■ **TASK TO COMPLETE**: Only the lines from the one with "Подсвечник металл на" through the end of the material are wanted, copied exactly and with the pictures left out.

■ **DATASET CONTENT**:
■ ■ ■
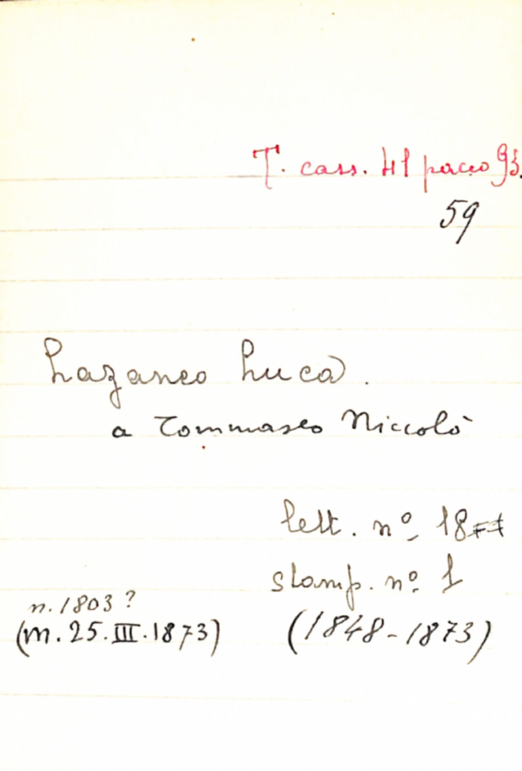 Fascicolo Lazanco, Luca a Tommaseo, Niccolò
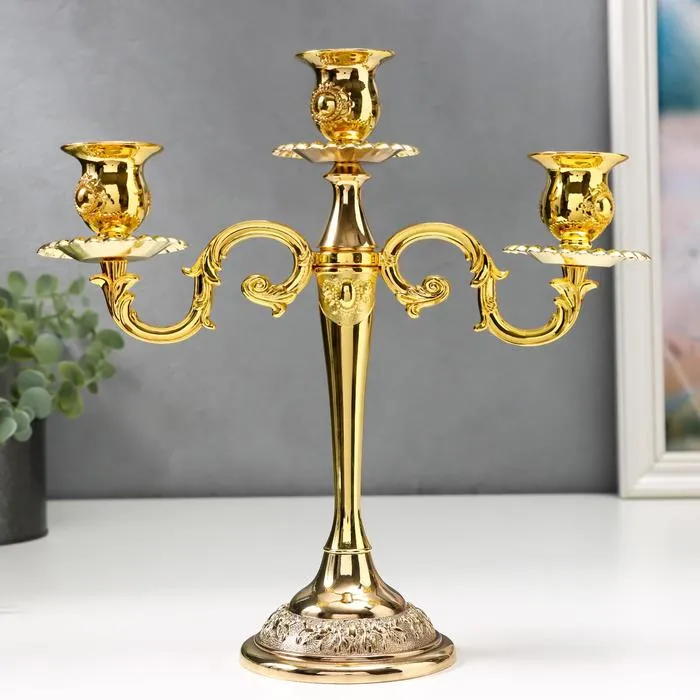 Подсвечник металл на 3 свечи "Медальон" золото 26х26х9,2 см — Характеристики
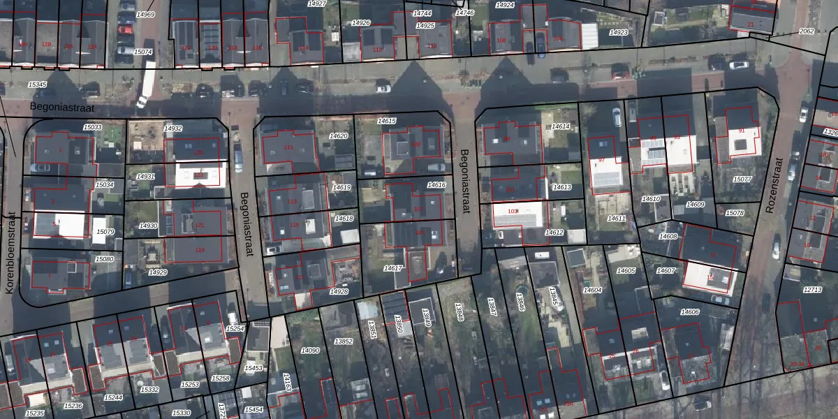 Het perceel waarop Begoniastraat 107 staat heeft een oppervlakte van 242 m². Dit is een middelgroot perceel. De perceeloppervlakte wordt geregistreerd door het Kadaster. Gedetailleerde informatie over de maten van dit perceel kunt u vinden in het rapport Kadastrale kaart met maatvoering van Begoniastraat 107.
■ ■ ■
■ **ANSWER SPACE**:
 Подсвечник металл на 3 свечи "Медальон" золото 26х26х9,2 см — Характеристики
 Het perceel waarop Begoniastraat 107 staat heeft een oppervlakte van 242 m². Dit is een middelgroot perceel. De perceeloppervlakte wordt geregistreerd door het Kadaster. Gedetailleerde informatie over de maten van dit perceel kunt u vinden in het rapport Kadastrale kaart met maatvoering van Begoniastraat 107.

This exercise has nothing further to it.